Travelers, the archdiocese’s largest insurance company with relevant policies, soon agreed in principle to add another $75m to the settlement. Assuming Grabill approves that, it would bring the settlement total to $305m.
Adams, who voted for the package, was recently at dinner with some buddies from high school when someone asked his thoughts after enduring the church’s five-year bankruptcy.
He recalls saying: “Knowing what I know now, seeing what my family and I have gone through, I probably would have kept my mouth shut. Suffering in silence would have been more tolerable than the emotional and spiritual toll this has taken.”

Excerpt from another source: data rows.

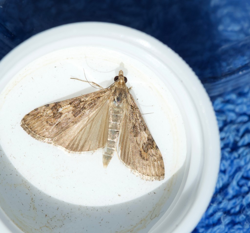 Other New For Garden moths included Double-striped Pug, Pandemis heparana – Dark Fruit-tree Moth, Eupocelia angustana, Celypha lacunana, White-shouldered House-moth – Endrosis sarcitrella and Agriphila geniculea. See photo below – reminiscent of The Clangers. Needless to say, with this list of mostly micro moths, Trevor was on hand to ID them. We were bird ringing this morning and I put the contents of the trap in a holding cage and took them with me. Most micros are a step too far for me. This is only my second year of recording, so the New For Garden records do not mean that the moth is unusual, just that they have not been recorded from my garden before now.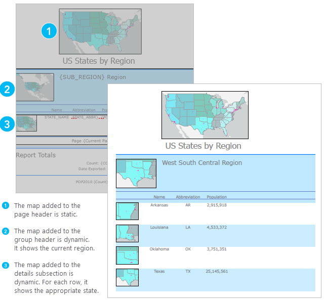 您现在可以将地图添加到报告中。 添加到报表页眉或页脚的地图为静态地图。 您可以激活地图框以调整地图范围或比例。 您添加到组页眉、组页脚或详细信息小节的地图为动态地图。 在报表视图中,无法激活动态地图的地图框;但是,导出的结果会更新比例和范围,以反映该小节中包含的一个或多个要素。
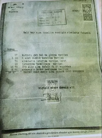Damga pulları yapıştırılmış, Cumhurbaşkanı Gazi Mustafa Kemal Atatürk’e gönderilecek faturada, ne için ne harcama yapıldığı Niğdeli manav Durmuş Ali tarafından tek tek belirtilmiş. Daktilo ile yazılan faturada yapılan bir hata, Durmuş’un adının Durmış olarak yazılmasıydı.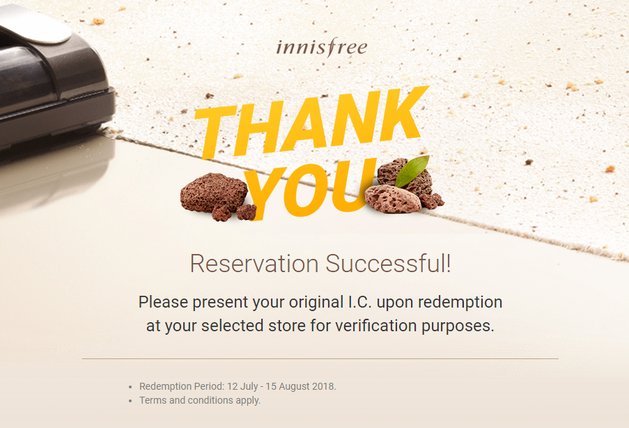 填完后就成功了,只要到你选定的Inneisfree分行,出示身份证就可以免费领取试用的面膜。

Aymond, having submitted his resignation at age 75 to the Vatican, is now phasing out; Coadjutor Archbishop James Checchio will in due course become archbishop.
“The more you delve into the financial crimes, the sex crimes, priests breaking their vows,” Adams told the National Catholic Reporter, “it’s caused me to question if I’m in the right church. My son’s baptismal certificate was signed by two priests; both are now in prison for sex crimes.
“If I genuinely believe that the true presence of Christ is in the Eucharist and the sacraments given to us by Jesus, there’s no place else to go. That doesn’t make going into church any easier. My great-grandmother was a daily communicant. I think her words would be ‘Put your faith in Christ and in the Eucharist, and not church leaders who have normalized deception and abuse.’ I remain hopeful that my love for God and his church is greater than the pain and anger caused by his priests and bishops.”
Editor’s note: This is the first of a miniseries exploring the lives of some of the survivors of clergy sexual abuse in the New Orleans archdiocese’s bankruptcy saga spanning more than five years. The series was supported by the Fund for Investigative Journalism and was published by the Guardian in partnership with the National Catholic Reporter.